### EXERCISE INSTRUCTIONS
In the material below, the required lines run from the one containing "For TIMELESS clothes" through the one containing "UGG Kennadi Suede". Copy those lines exactly, ends included, and nothing else.

### DATASET
______________________________
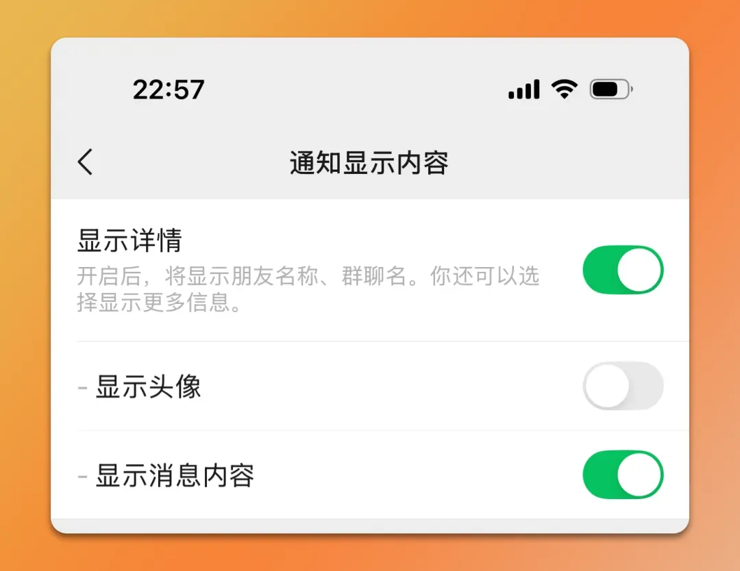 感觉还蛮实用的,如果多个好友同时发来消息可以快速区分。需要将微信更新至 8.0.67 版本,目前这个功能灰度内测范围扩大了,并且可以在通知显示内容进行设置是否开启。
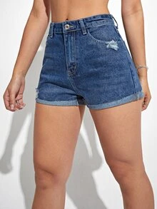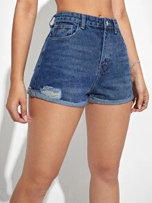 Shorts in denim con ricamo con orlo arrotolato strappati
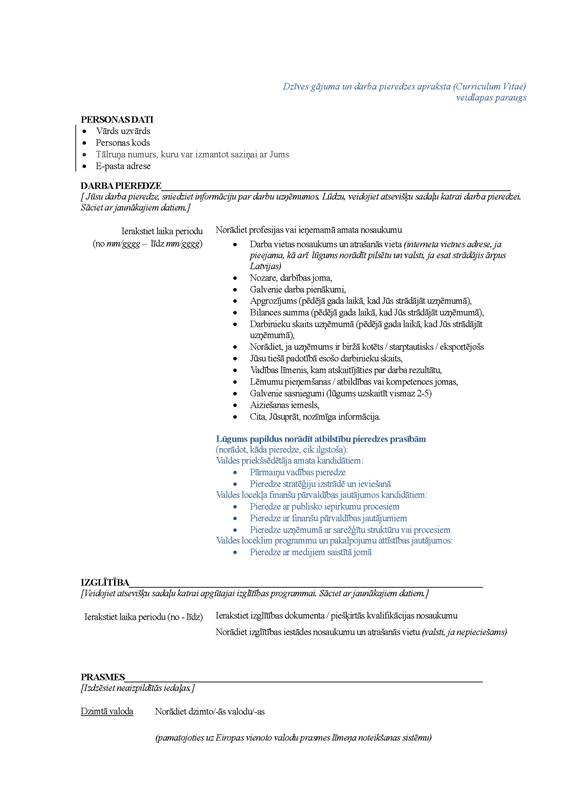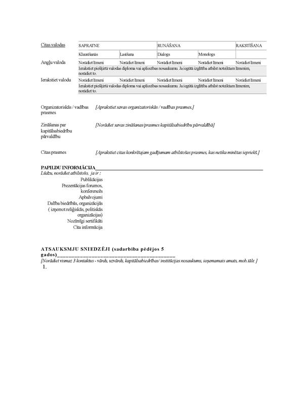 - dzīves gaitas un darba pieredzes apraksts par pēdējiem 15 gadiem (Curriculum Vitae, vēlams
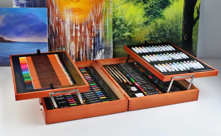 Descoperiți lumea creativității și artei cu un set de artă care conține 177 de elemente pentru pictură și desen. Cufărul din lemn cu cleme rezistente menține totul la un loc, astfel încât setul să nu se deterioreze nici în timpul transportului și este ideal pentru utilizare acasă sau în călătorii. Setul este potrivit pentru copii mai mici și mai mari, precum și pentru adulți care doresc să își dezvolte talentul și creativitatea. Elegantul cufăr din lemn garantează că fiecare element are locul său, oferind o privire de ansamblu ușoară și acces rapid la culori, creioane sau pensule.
______________________________
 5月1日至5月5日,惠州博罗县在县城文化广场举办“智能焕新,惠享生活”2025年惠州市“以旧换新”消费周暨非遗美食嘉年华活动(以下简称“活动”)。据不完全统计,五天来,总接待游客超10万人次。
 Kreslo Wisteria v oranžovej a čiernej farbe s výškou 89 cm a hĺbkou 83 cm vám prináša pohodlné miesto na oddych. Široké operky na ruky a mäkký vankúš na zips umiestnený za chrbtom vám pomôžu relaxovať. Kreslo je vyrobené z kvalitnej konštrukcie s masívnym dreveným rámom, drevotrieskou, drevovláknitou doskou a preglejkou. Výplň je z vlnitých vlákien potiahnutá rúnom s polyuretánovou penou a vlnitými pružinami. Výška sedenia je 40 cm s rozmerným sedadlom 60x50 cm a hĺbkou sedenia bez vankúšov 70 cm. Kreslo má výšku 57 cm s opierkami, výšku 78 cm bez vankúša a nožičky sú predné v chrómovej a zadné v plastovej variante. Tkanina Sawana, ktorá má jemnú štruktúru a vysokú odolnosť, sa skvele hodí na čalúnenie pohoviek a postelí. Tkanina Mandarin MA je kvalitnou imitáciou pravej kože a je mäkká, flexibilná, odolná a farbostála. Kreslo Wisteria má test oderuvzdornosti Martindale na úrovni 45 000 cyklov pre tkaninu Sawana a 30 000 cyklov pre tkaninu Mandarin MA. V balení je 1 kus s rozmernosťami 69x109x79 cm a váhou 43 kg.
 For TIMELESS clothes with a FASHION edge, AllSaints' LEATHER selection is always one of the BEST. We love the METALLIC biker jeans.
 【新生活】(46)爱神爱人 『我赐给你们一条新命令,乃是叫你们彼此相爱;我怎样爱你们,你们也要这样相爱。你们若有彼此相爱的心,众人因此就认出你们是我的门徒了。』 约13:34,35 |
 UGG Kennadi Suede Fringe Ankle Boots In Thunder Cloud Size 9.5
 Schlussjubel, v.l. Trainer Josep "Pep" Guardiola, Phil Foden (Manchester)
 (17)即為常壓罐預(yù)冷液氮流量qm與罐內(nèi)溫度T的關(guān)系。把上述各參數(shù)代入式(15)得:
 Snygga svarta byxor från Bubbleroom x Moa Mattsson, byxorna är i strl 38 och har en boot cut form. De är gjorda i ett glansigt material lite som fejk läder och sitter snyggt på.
______________________________
### RESULT OF THE EXERCISE
 For TIMELESS clothes with a FASHION edge, AllSaints' LEATHER selection is always one of the BEST. We love the METALLIC biker jeans.
 【新生活】(46)爱神爱人 『我赐给你们一条新命令,乃是叫你们彼此相爱;我怎样爱你们,你们也要这样相爱。你们若有彼此相爱的心,众人因此就认出你们是我的门徒了。』 约13:34,35 |
 UGG Kennadi Suede Fringe Ankle Boots In Thunder Cloud Size 9.5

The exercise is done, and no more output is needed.